# What is wrong with me?



## aine (Feb 15, 2014)

We are ticking along, when he is around (he travels for work more than 50% of each month) we socialise together alone, with others, plays, movies, coffee, shopping, etc. We have great sex too! 
I know he is trying and I am still seeing an IC. He doesn't see his so much due to time constraints.

He tries to ask me how I am, how is my work, etc but tbh I don't want to engage in that kind of conversation with him and I change the conversation around to him. He loves talking about himself so no problem there :wink2: 

It's like there is a part of me I just do not want to share with him, will this change?

My problem is I cannot move forward and just enjoy the moment as there is a big dark cloud that I cannot see through. To my mind the period in 2011-13 has not been dealt with, I bring it up he says nothing happened that we need to focus on the future. However, I cannot stop myself of ruminating over this though I do not have concrete proof. I know if I did have proof that would be it.

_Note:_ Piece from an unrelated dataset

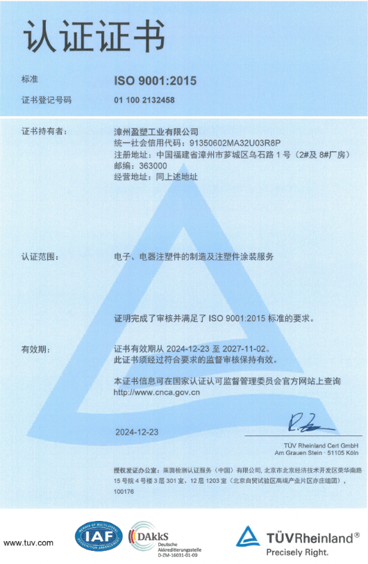 蘇州盈塑注冊(cè)成立、通過(guò)ISO9001、 IATF16949體系認(rèn)證

I am a thinker and I am working myself into a tizzy and some days I dream of moving out, getting my own place and just walking out. I know if he really changes (and I think he is changing) I will make a huge mistake but I am having a huge issue with trust. The bottom line is I do not trust him. I do not know how to rebuild trust or whether I really want to tbh. 
The diaries I kept before flagged up all my issues with him, the counsellor suggested I get rid of them as I was 'feasting' on them a little too much. i did get rid of them but that hasn't helped. 

I know I have to go over this with my counsellor, but how do you just trust when your trust has been broken, promises made and broken and now I am expected to believe that this wont happen again? I just do not want to be made a fool of.


----------



## JohnA (Jun 24, 2015)

Hi

Perhaps you should suggest to him the past is the future, unless you change it. Knowing this how can you move forward knowing that it will happen again? As painful as it may be for both of you - it needs addressing, 

He is a guy, he knows you process emotions differntly, so perhaps he reluctant to engage out of concern doing more harm. MC might be seen as not giving him the tools to engage but rather justification for you to leave. 

I've seen your other posts. You know the chose limbo can cause. End it one way or another, but in the process make clear you rally want to be all in.

Take care Anie


----------



## Lostinthought61 (Nov 5, 2013)

Anie,

it sounds like your playing house but your not playing marriage, what i mean to say is that your stuck, you can't move forward, because your stuck in the past, you can't be open with your feelings with him in the presence because you don't trust him for the past. So you basically short changing yourself of a life, whether it be with him or with out him. you either need to move forward (even small steps (like how you are feelings and opening even a little bit)) or you need to move on...i get it both paths are scary and you don't know which path will lead to greater happiness for you, but i can tell you this... that just staying still and just playing house will not get you to either destination.

F


----------



## Orange_Pekoe (Jan 5, 2015)

I feel for you.
I have been in the same boat for the last 4 months, wondering how I can rebuild a marriage to a man I do not trust. And who, I found out, also doesn't really trust me. Our trust issues are not due to infidelity but they are just as damaging.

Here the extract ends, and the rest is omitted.